::: Exercise data :::
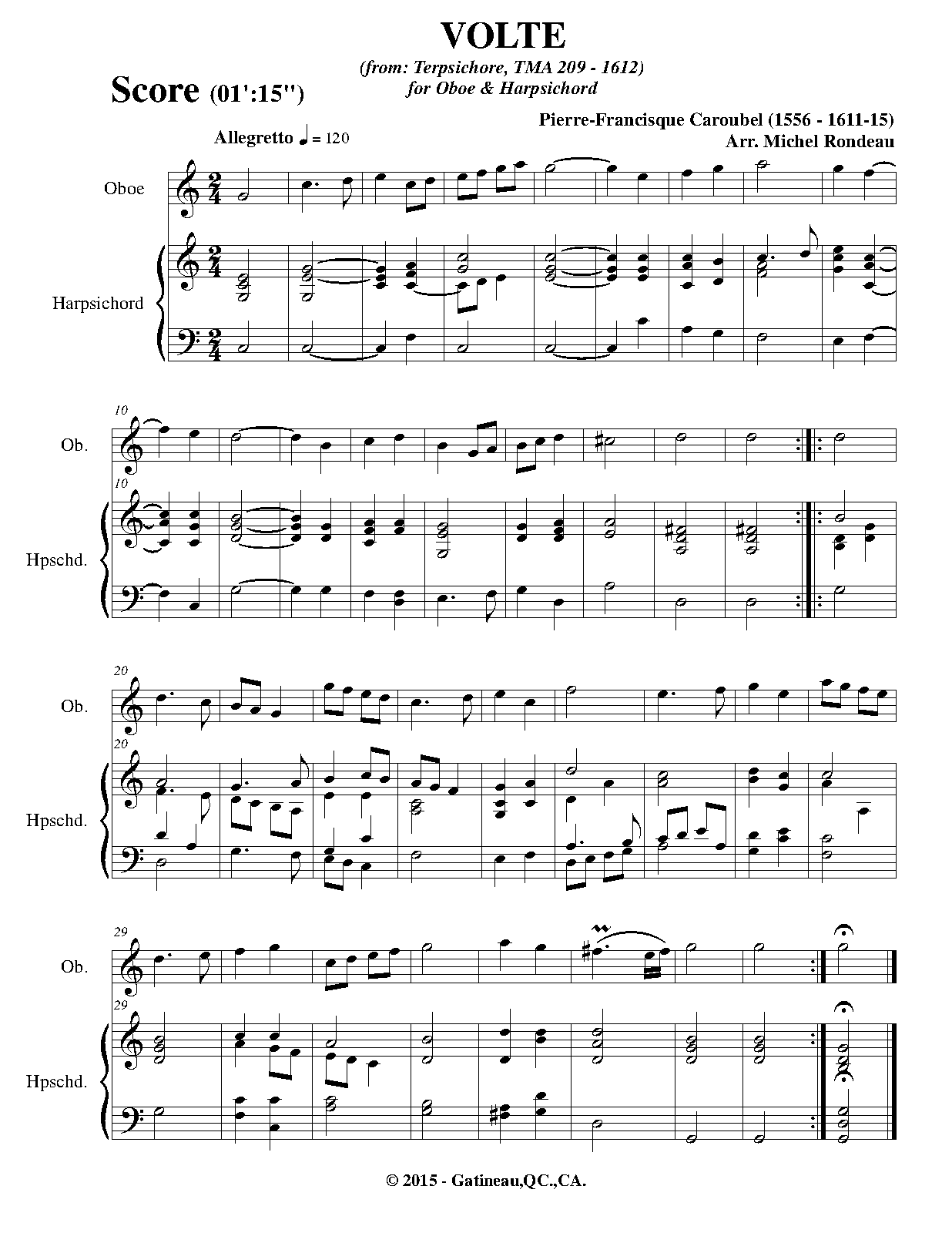 These pieces were assembled and arranged by Praetorius for his 1612 collection. It is unknown how many, or if any, of the works in the collection were actually composed by Caroubel as opposed to being popular dance tunes arranged by him. The instrumentation is not specified in the original, and simply listed as "à 5"
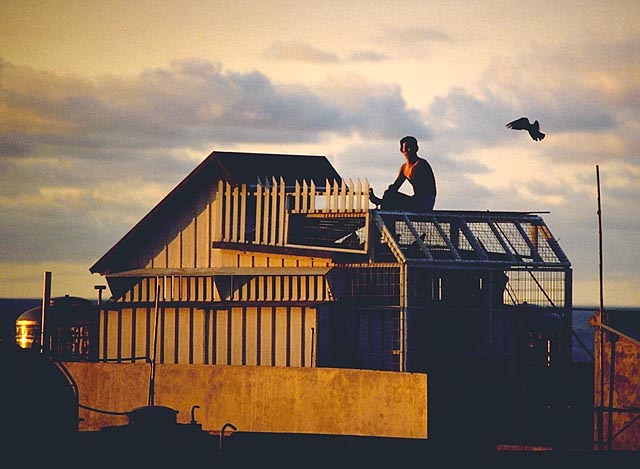 Kim Burton Ashby Man with homing pidgeons 14 Mar 2002
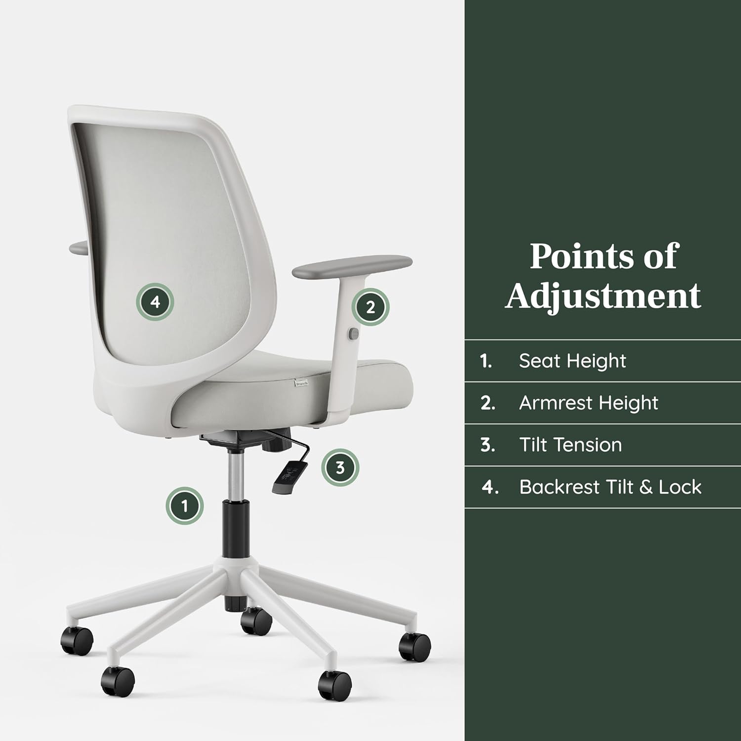 Branch Daily Chair - Vegan Leather Office Chair with Swivel, Lumbar Rest, and Adjustable Armrests - Comfortable Seating for Improved Posture and Productivity - Limestone
:::
● **Work to be completed**
Begin at the line that contains "Kim Burton Ashby" and transcribe every line through the end of the listing, exactly as written. Omit the pictures.

● **Response area**
 Kim Burton Ashby Man with homing pidgeons 14 Mar 2002
 Branch Daily Chair - Vegan Leather Office Chair with Swivel, Lumbar Rest, and Adjustable Armrests - Comfortable Seating for Improved Posture and Productivity - Limestone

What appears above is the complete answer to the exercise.